Building to District

I’m thinking like an assistant superintendent instead of a high school principal. I realize I’ve turned a corner because I’m no longer feeling anxious or guilty when I’m at a meeting or in another building. I always worried when I wasn’t here as the high school principal because I felt the weight of responsibility for the safety and well being of every child and staff member in the building. When I was out, there were a thousand things waiting for me when I returned. Now, with Principal Bob Anderson on the front line of that responsibility, along with Dean of Students Dan Cassidy, I’m really letting it go.
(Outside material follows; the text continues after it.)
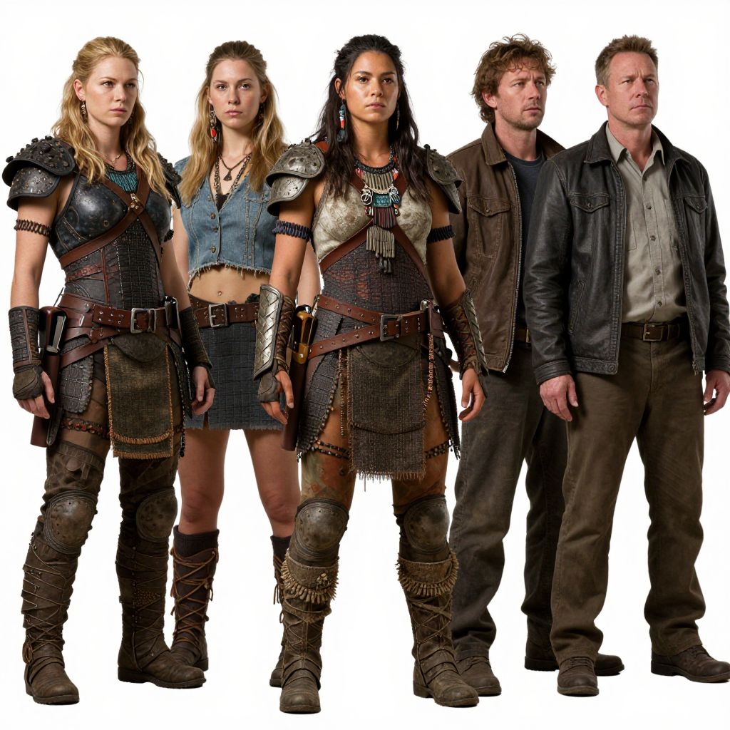 Photograph of five individuals standing in a line against a white background. Four women with varying blonde hair lengths wear medieval-style armor with leather and metal accents, including shoulder pads, arm guards, and chain skirts. The woman on the far left has wavy hair, while the others have straight or curly hair. The man on the right wears dark, rugged clothing, including a leather jacket and buttoned shirt. All stand with serious expressions, displaying a mixture of strength and determination. The image has a high-contrast, dramatic lighting style.
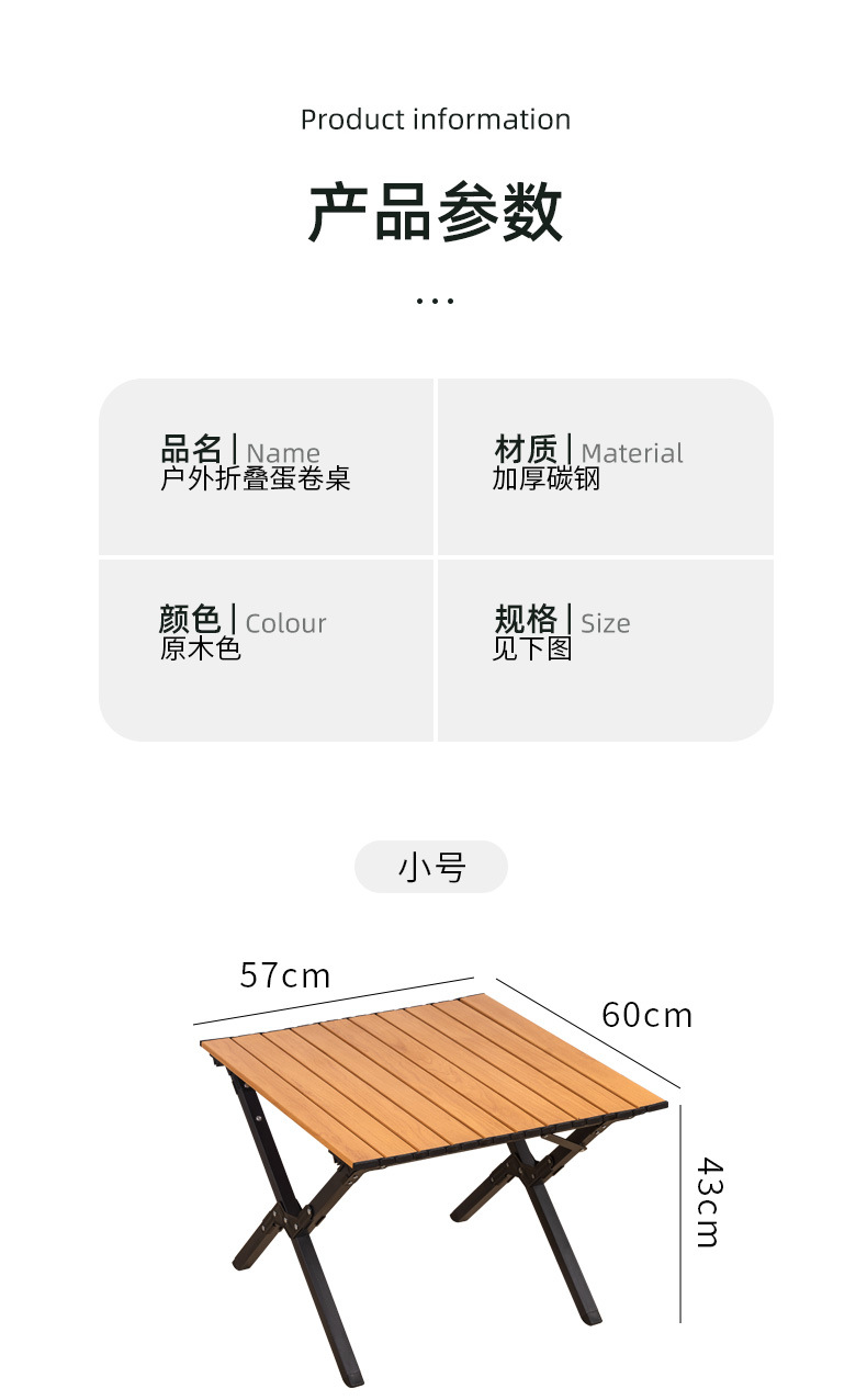 • [업그레이드된 데스크탑 두꺼운 테이블 다리] 나뭇결 에그롤 테이블 - 소형(테이블 보관 가방 포함)

It’s Homecoming this week and as principal I would have been checking out every decoration and thinking about the detail of the spirit days and the pep rally and the game. I would have been problem solving high school issues, meeting with kids over both minor and major dramas, and managing the building. Instead I’m thinking about the materials for the reading pilots and engaging the right people at all three levels in our district in the forums set up for Math, ELA, Science, and Social Studies. I’m meeting with colleagues who can teach me more about reading and curriculum design and grant writing. I’m organizing and facilitating meetings focused on our instructional program and our staff development. Homecoming and the surrounding festivities make for a nice week, but not all that important on my agenda now.

And suddenly I walk through the middle school and the elementary school and I feel welcome. I almost feel at home. It’s not like before, when I’m in someone else’s building. I serve a purpose here too. And it’s incredible. The teachers are inviting me in–can you imagine?! They email and say, “stop by any time.” I’m focusing on the ways we teach reading, but I’m learning about different grade levels and behavior cues and how passionate little kids are about school.

I’m learning how to be responsible for a district instead of a school. This may be the most valuable year of my career and just last week I wanted to trade it back for the high school principal’s position that I loved so much. Working through the transition, through change, can definitely land us in a better place. I’m glad I took the risk and stepped forward. I’m glad others gave me this opportunity.

  1. I, too, am in the midst of a transition from building to central office, from high school to primarily elementary school responsibilities. Like you, I’m beginning to feel “at home.” Today there was a major issue to be solved at one of our elementary schools, and I was able to jump in and help with the solution. It felt good even amongst all the challenges.

    As to reading strategies, check out Stephanie Harvey’s work. Her consultant, Jill DeGoede, is excellent. Also, Douglas Reeves has some interesting research on the effects of increasing reading instruction time in the elementary grades to 180 minutes per day.

    I’m glad you’re enjoying your new position. Keep on writing!

  2. I recently had the opportunity to take on a Regional Human Resource Director position for a national retailer. The more I learned about the position, the less interesting it became for me. It was exactly what I was doing now on a much larger scale. When I withdrew my name from consideration, it was because it was missing what you articulated so well above – the chance to set direction, take what I already know and expand on that to make a difference. I tried to say that but it came out as 6x the number of employees in 51 stores over a 5 state area, minimum of bi-weekly travel and no increase in pay. All valid reasons for withdrawing but not really at the heart of what I am seeking. This wasn’t the right move for me. Taking this Assistant Superintendent position was the right move for you and I am so glad you did it, worked through the transition and are digging in. If you want any first grade perspectives from a parent point – I have plenty!